I'm having a really down day. It's been two and a half weeks since my surgery, and I've had some good days that led me to expect a continued upward trend. Apparently, the healing human body doesn't work that way.
My sister the nurse told me tonight that it's normal to have good days and bad days after surgery. She mentioned that sometimes when we have good days, we do too much and then don't feel so good the next day (Why does everyone say that to me? Do they think I am a person of little self-control? Oh, wait. These are people who know me. Very well. Oh-kay, then!)
Then she said the words that have haunted me all my life since the first time my mother hauled my rotund 11-year-old body to the doctor's office for some "diet pills." My sister said that since I had intestinal surgery and am now having trouble, maybe I should try eating very lightly for a while, but keep getting gentle exercise. She said "eat lightly and get gentle exercise" but I heard the mantra I've been hearing in various permutations since I was 11: "Eat less, move more." Sounds really simple, doesn't it?
Damn. I was really happy when the doctor let me out of the hospital and said I had no restrictions on what I eat. "Except," he said, "stop when you're full." This is a 45-year-old man who eats right, works out, loves life, and practices what he preaches. I'm a rotund boomer who practices "recreational eating" when lonely, frustrated or bored. I wasn't about to point out that his definition of "full" and mine might be just a wee bit different. But there's no getting around it when you hear it from a sister who knows you and loves you and makes keeping people healthy her life's work.

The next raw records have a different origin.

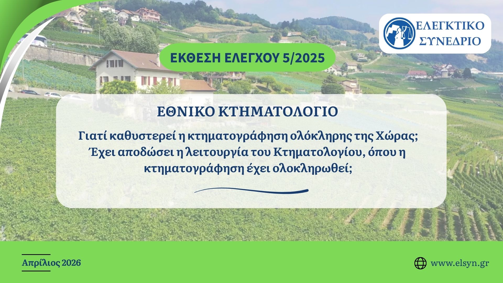 «Το Ελεγκτικό Συνέδριο δημοσιεύει σήμερα την Έκθεση Ελέγχου 5/2025: Εθνικό Κτηματολόγιο: «Γιατί καθυστερεί η κτηματογράφηση ολόκληρης της Χώρας; Έχει αποδώσει η λειτουργία του Κτηματολογίου, όπου η κτηματογράφηση έχει ολοκληρωθεί;»
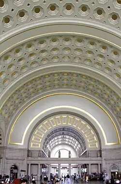 Washington Union Station, the city's main train station, opened in 1908. It was designed by Daniel H. Burnham, who used numerous architectural styles to create the structure. The ceiling of the Great Hall is made of gold leaf symmetrical patterns, while neoclassical elements, such as columns and statues, line the interior and exterior of the building.
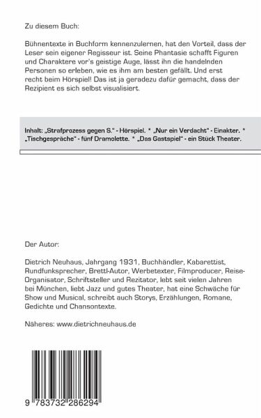 Das Buch enthält drei Bühnenwerke und ein Hörspiel. Im einzelnen:"Tischgespräche", eine Folge von fünf Dramoletten unterschiedlichen Inhalts, aber mit formalen Übereinstimmungen."Das Gastspiel", ein Schauspiel aus der Welt der Bühne."Nur ein Verdacht", die reportagehafte Schilderung einer Epidemie auf einem Kreuzfahrtschiff weitab jedes rettenden Hafens."Strafprozess gegen S.", ein Hörspiel, das im Jahr 399 v.Chr. im alten Athen spielt und einen kritischen Blick auf die junge Demokratie wirft.
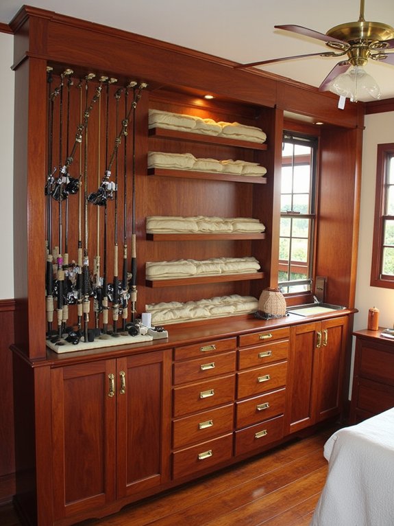 A rod storage cabinet system provides a structured solution for organizing and protecting fishing equipment. The system features adjustable shelving, foam-padded surfaces, and dedicated compartments to safely store rods, reels, and tackle in a space-efficient manner.

So, here I am, in the "Guy house," with no one to talk to during the day (oh, and during the evening too, unless you count a few words during commercials), three small dogs who want constant attention, and a kitchen full of guy food. I'm in pain and feel like a limp dishrag and TV has only reruns. The guys have added all sorts of techie things to their TV-surround-sound-on-demand-digital-TV-viewing-stations. The one in the kitchen is permanently set to channel 3, which seems to be the all-Cash-Cab station during the day. So, "eating less, moving more" is a challenge of major proportions.
But then, I'm a woman of major capabilities. And this limp dishrag act is getting very old. I want to go see my friends. I want to go ride a ferry in the sunshine. Mostly, I want to feel better. Maybe I can do the "eat less" thing. I think the "move more" bit will come more easily when I get that right.